● **Task instructions**
An exact retyping of all lines below is the answer; pictures do not belong in it.

● **Input data**
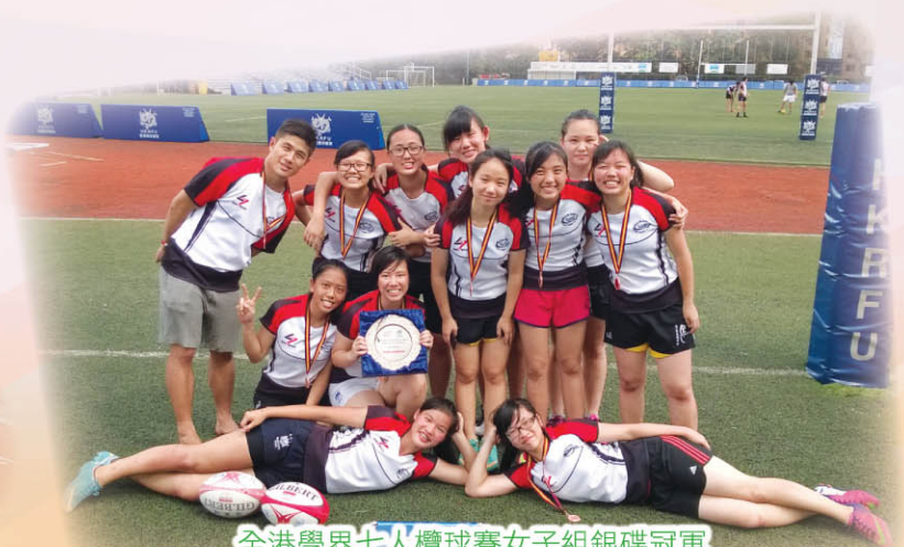
全港學界七人欖球賽女子組銀碟冠軍
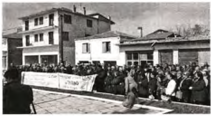
Από τη μαζική συγκέντρωση στα Δίκαια Ορεστιάδας

Σ υγκέντρωση διαμαρτυρίας ενάντια στην υποβάθμιση του Κέντρου Υγείας Δικαίων και της δημόσιας Υγείας γενικότερα, πραγματοποιήθηκε την περασμένη Παρασκευή με πρωτοβουλία του Αγροτικού Συλλόγου Τριγώνου , του Συλλόγου Εργαζομένων στα Κέντρα Υγείας Ορεστιάδας και Δικαίων και της Ομοσπονδίας Αγροτικών Συλλόγων Εβρου «Η Ενότητα» .

● **Answer for the task**
全港學界七人欖球賽女子組銀碟冠軍
Από τη μαζική συγκέντρωση στα Δίκαια Ορεστιάδας

Σ υγκέντρωση διαμαρτυρίας ενάντια στην υποβάθμιση του Κέντρου Υγείας Δικαίων και της δημόσιας Υγείας γενικότερα, πραγματοποιήθηκε την περασμένη Παρασκευή με πρωτοβουλία του Αγροτικού Συλλόγου Τριγώνου , του Συλλόγου Εργαζομένων στα Κέντρα Υγείας Ορεστιάδας και Δικαίων και της Ομοσπονδίας Αγροτικών Συλλόγων Εβρου «Η Ενότητα» .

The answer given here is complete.